The above illustrates the basics of programmable I/O blocks. There are a million other things you could learn about the super-flexible I/O that FPGA’s provide, feel free to read more.


Xilinx FPGA Families

Next, spend some time looking at the range of size of devices that are in the 7 Series Family from Xilinx. It is broken into the following divisions: Spartan 7, Artix 7, Kintex 7, and Virtex 7.

  • What family part is in the FPGA board you used in your beginning digital design course?
  • What are the features of the various divisions of parts?
  • What is the smallest part in the 7 Series Family in terms of numbers of CLBs, BRAMs, DSPs, and I/O?
  • What is the largest?
  • How much total BRAM storage is in the largest part in MBytes?
  • How many total DSPs are in the largest part?
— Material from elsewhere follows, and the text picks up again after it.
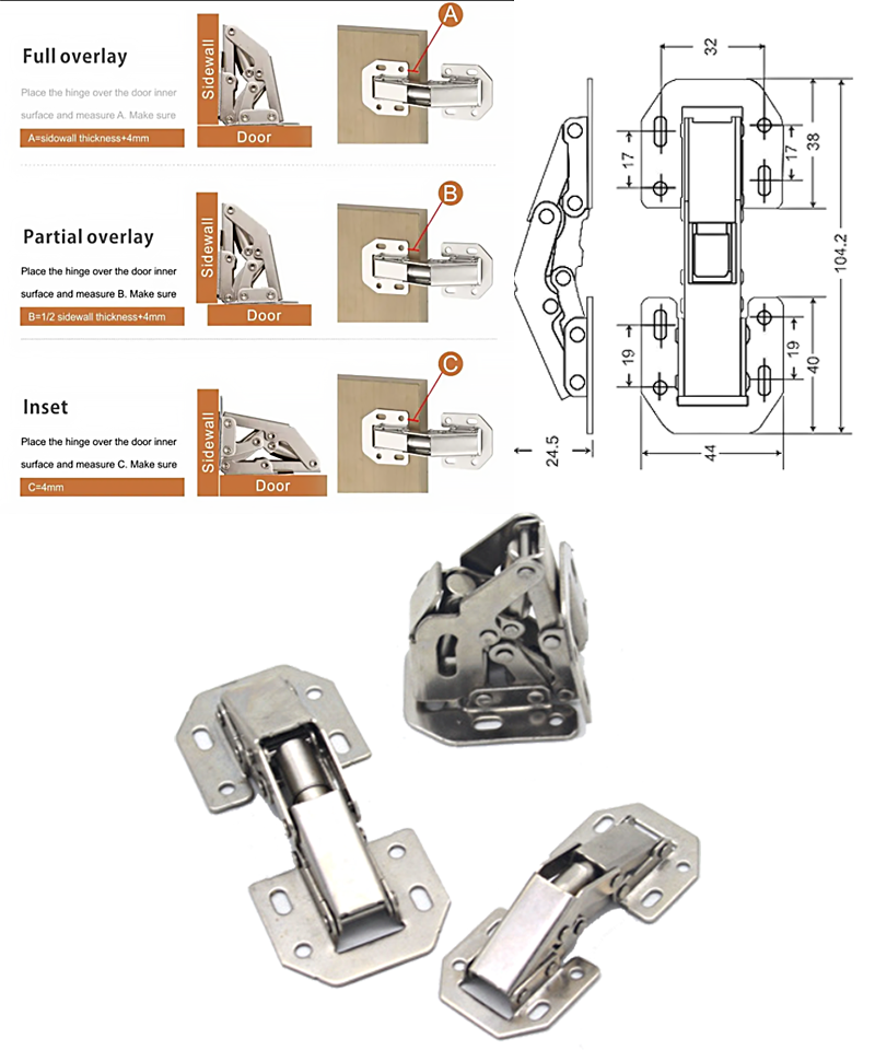 Bản lề không khoét lỗ H.3400 (Bản lề ếch) là giải pháp thi công nội thất thông minh, giúp bạn lắp đặt cánh tủ dễ dàng mà không cần dụng cụ khoan khoét lỗ chuyên dụng.

Can you find where Xilinx gives a total computational power of those DSP’s (in terms of GOPs/sec)?

Xilinx Coding Guidelines

Although this is the last topic in this self-paced review of what is inside a Xilinx FPGA, it is perhaps the MOST IMPORTANT.

  • You can write arbitrary HDL code any way you want and the synthesis and implementation tools will try their best to map it efficiently onto the FPGA. After all, you can build absolutely anything with gates and flip flops, right?
  • While that is true, there is a lot you can do to ensure that:
    1. Your design is mapped as efficiently as possible onto the FPGA.
    2. Your design is able to use all the specialized features found in the FPGA.
  • To help with these goals (especially the second one), Xilinx has published detailed documentation on how you should write your HDL to take maximal advantage of their FPGA’s features.
  • To learn about this, search for and find a copy of “Vivado Design Suite User Guide - Synthesis”, get this one if you can find it: “UG901 (v2019.2) January 27, 2020”. While the entire document has information of interest (features of the various HDL’s support for synthesis, for example), we will focus on Chapter 4. In this chapter they discuss how to code your HDL to get just what you want.
  • For example, in Chapter find the section titled “RAM HDL Coding Guidelines”. Here, they describe how to write your HDL code in a way that the synthesis tool can infer what you want at a high level and choose an appropriate RAM building block (distributed RAM or block RAM) to efficiently implement what you want.
    • For the various types of memories you might want in your design, they give sample code snippets showing how to behaviorally describe the memory so that synthesis will infer it correctly.
    • Carefully studying the correct way to write your code will save you much time trying to figure out why you didn’t get what you wanted. Example: if you code it wrong you might end up with a huge pile of flip flops for your supposed memory block, something that would be slow, large, and use lots of power. But, if you code it correctly (according to Xilinx’s guidelines) then you will get a single BRAM and it will be fast, small, and low power.
  • Look through Chapter 4 at the various ways of coding common blocks such as shift registers, memories, and arithmetic blocks.
  • Now, remember that this document exists so in the future you will think to refer to it when needed.

But, wait, there’s more…

The Xilinx Libraries Guide

  • The above all works well when what you want to express can be written behaviorally and then recognized by the synthesizer. However, there are some things for which there is no behavioral code that will suffice. In these cases you will be required to to structurally instance Xilinx primitives to get what you want.
  • A prime example of this is a clock synthesizer PLL. There is no behavioral description of this, what you need to do is to find the proper library element and then figure out how to instantiate it in your design.
  • To learn about this, search for and find a copy of “Vivado Design Suite 7 Series FPGA and Zynq-7000 SoC Libraries Guide”, get this version if you can: “UG953 (v2019.1) May 22, 2019”
  • Chapter 4 lists the various design elements by functional category. Go to the beginning of Chapter 4 (about page 250) and click on “MMCME2_BASE”.
    • This is a multi-mode clock generator/synthesis block. You can bring an input clock into it and it will generate additional clocks at multiples or fractions of the incoming clock frequency for use in your circuit. It will also allow you to shift the phase of the incoming clock before distribution to the rest of your circuit. In short, this is a must-have block for large, multi-clock designs.
    • The only way to get an MMCME2_BASE block into your circuit is to instantiate it.
    • This document shows you how to do so.
    • Similarly, the RAMB36E1 entry will show you how to structurally instantiate a BRAM rather than code it behaviorally if that is what you want.
  • Look through the various elements by category and read up on a few to get a feel for what else is in an FPGA that you can structurally instance.

Summary

Learning to be a competent FPGA designer depends on your ability to understand how to take advantage of many of these special purpose blocks, either by coding behaviorally correctly or by structurally instantiating them. If you are only able to write basic Verilog code for designs like you encountered in your undergraduate courses you will never move beyond being a novice designer.

A second major take-away from this self-paced learning unit is that Xilinx does provide extensive documentation about what is “under the hood” in their FPGA designs and also plenty of information on how to take advantage of those blocks in your designs. Merely being aware of the existence and nature of this documentation is a first step toward becoming a capable designer.